12. A blog post that taught me something new was – I can’t choose just one. My favorite blog posts are those where the writer explains the methodology used to solve problems.

13. A DNA discovery I made was – that my Catherine (MNU) Carlisle is NOT a child of a man who never existed – Lt. John R. Starkey.

14. I taught a genimate how to – track down church records for recent family members. She is a distant cousin and a genea-newbie.

15. A brick wall I demolished was – finding Robert Carlisle’s two sons, mentioned in Question #1.

16. A great site I visited was – Provincial Archives of New Brunswick, Canada.

17. A new genealogy/history book I enjoyed was – Calais (Maine) Centennial, July 31st, 1909, compiled by the St. Croix Historical Society. My family was already in Calais by the 1830s – even my mother was born there a century later! My grandparents were small children in 1909 and I am sure they attended the parade. Lots of photos and stories, along with speeches, gave me a real feeling of the celebration that took place that day.

18. Zoom gave me an opportunity to – participate in my California chapter DAR meetings from Tucson.

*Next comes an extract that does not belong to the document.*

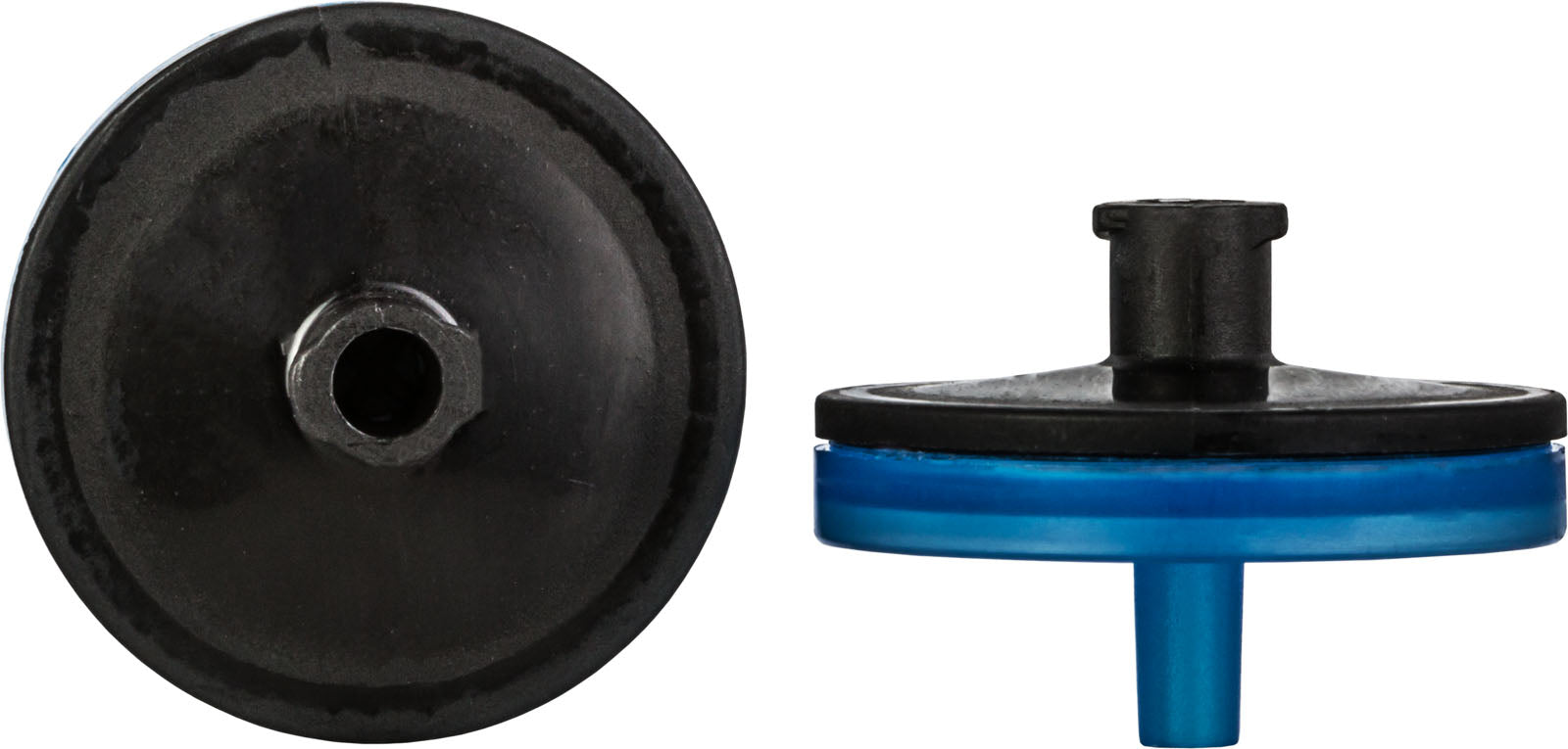 Combi syringe filters are recommended for solutions with a high load of particulate matter or for highly viscous solutions. These products combine a coarse glass fiber prefilter and a small-pore regenerated cellulose membrane as main filter. The hydrophilic RC membrane is for filtration of aqueous and organic – aqueous liquids, i.e. polar and medium polar sample solutions. All CHROMAFIL filters are autoclavable (121 °C and 1.1 bar for 30 min)!
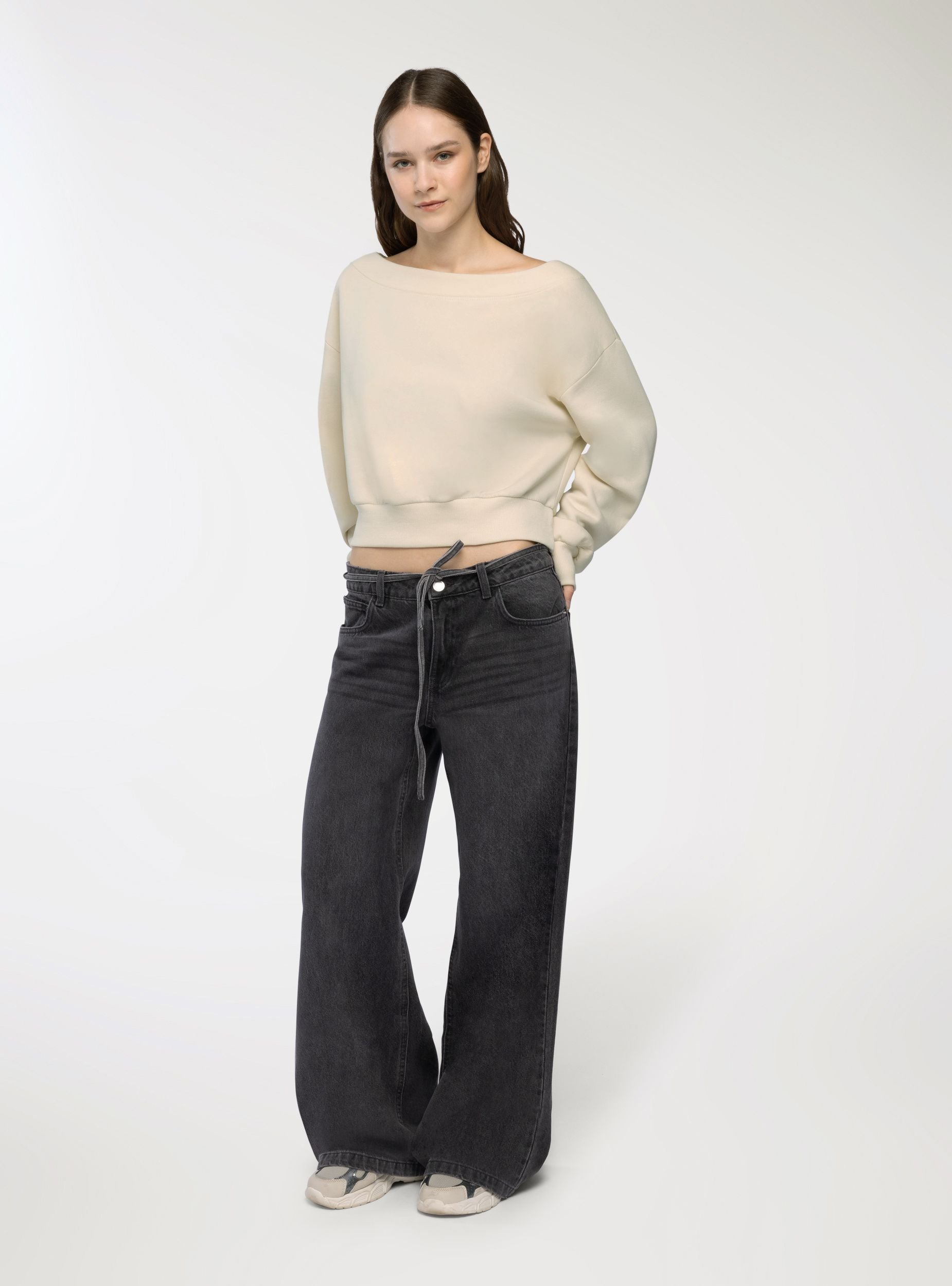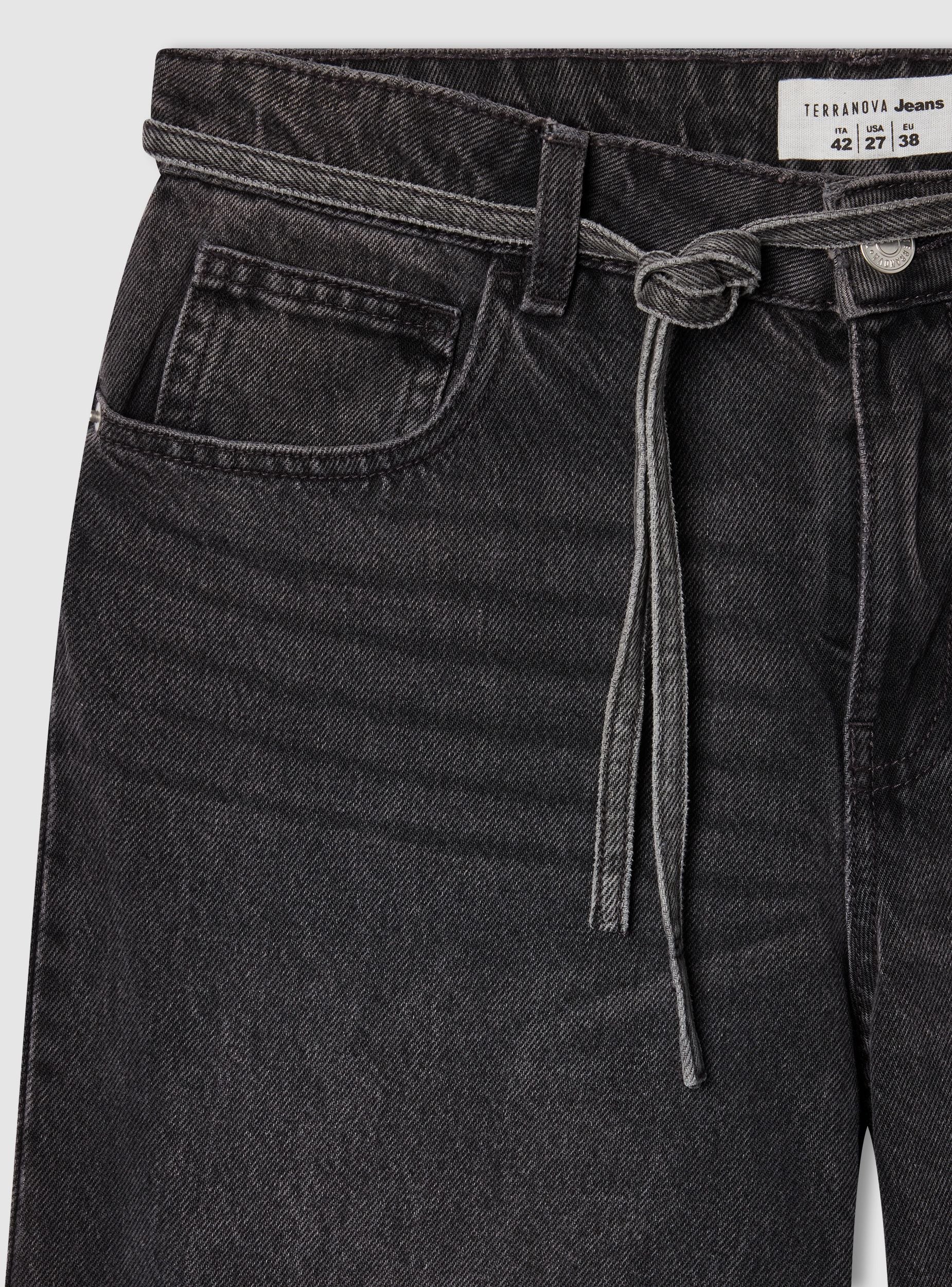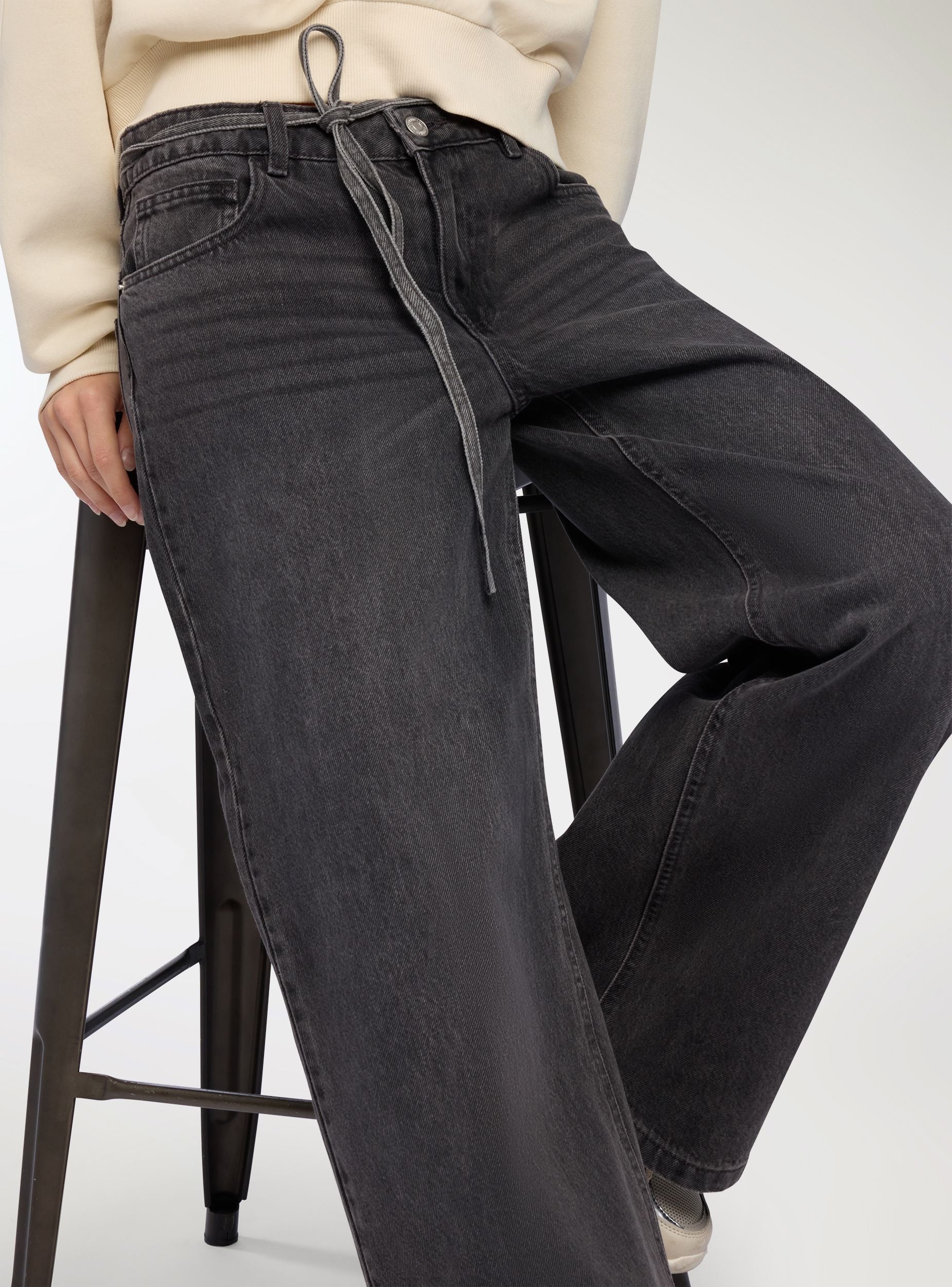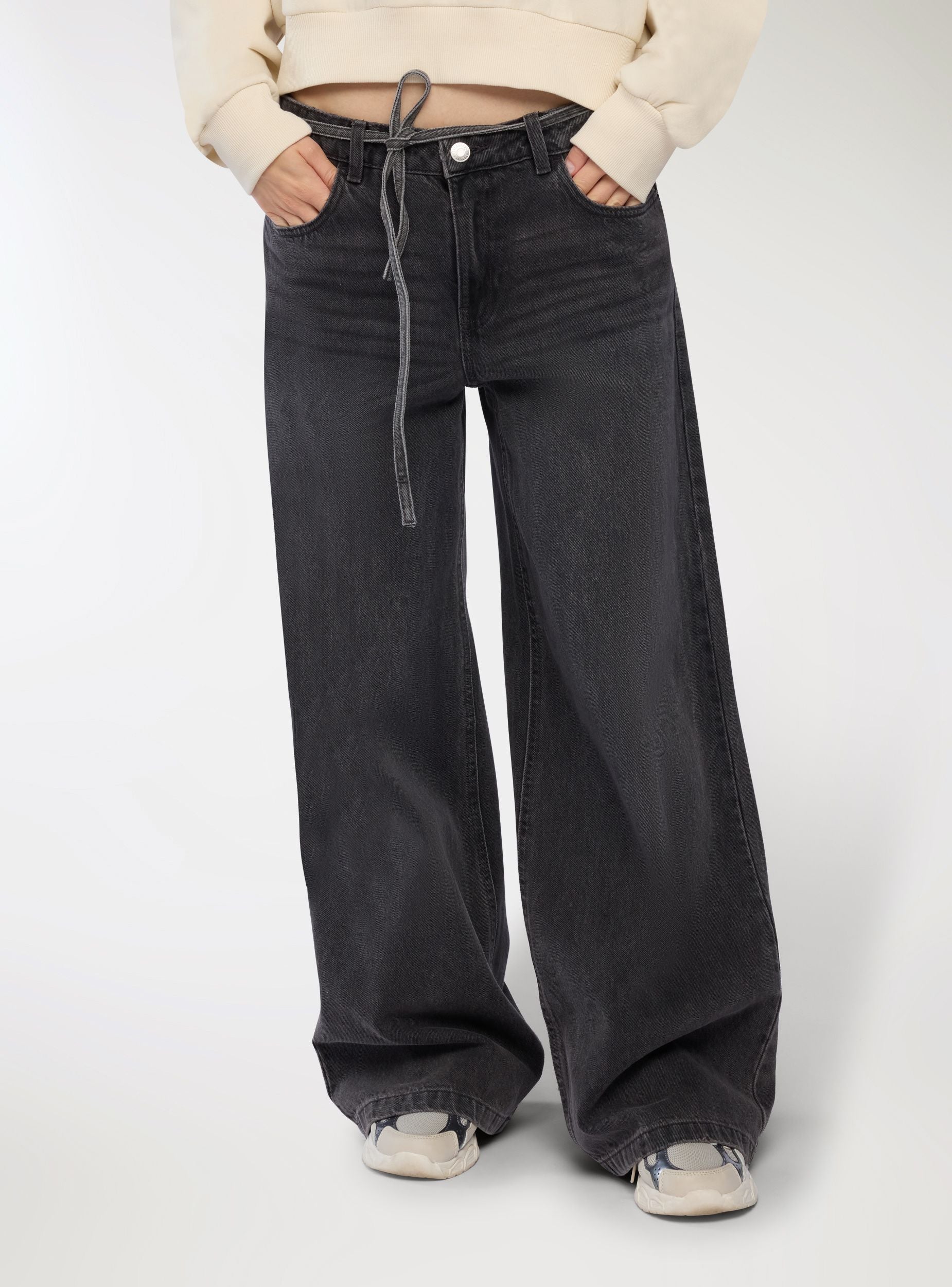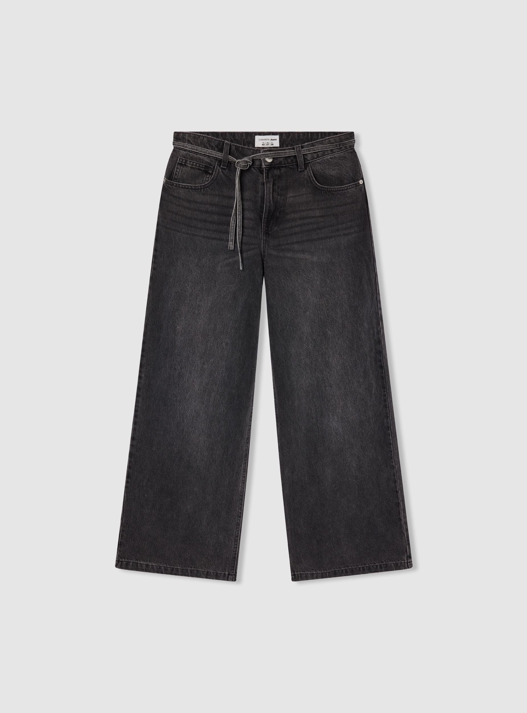 Jeans da donna super wide leg, ideali per un look urbano e casual. Presentano una vestibilità ampia e confortevole, con gamba larga che valorizza la silhouette. Presentano una chiusura con bottone e zip, e 5 tasche basic. Dotati di una cintura coordinata per un tocco di stile aggiuntivo, sono perfetti da abbinare a magliette o camicie per un outfit quotidiano.

19. I am excited for 2021 because – I don’t want to be a wet blanket, but I don’t see 2021 being any better than 2020 until millions more people get vaccinated. As of today, COVID numbers are horrific. Arizona currently has the highest infection rate per 100,000 in the world. I feel blessed that I am retired at home, that I have a fun hobby like genealogy to keep me busy and that my family and friends have remained healthy. I wish the same health and safety for everyone else, wherever they might live.

20. Another positive I would like to share is – the pandemic will eventually end! In the meantime, please stay safe and healthy, wear a mask and practice social distancing when around other people.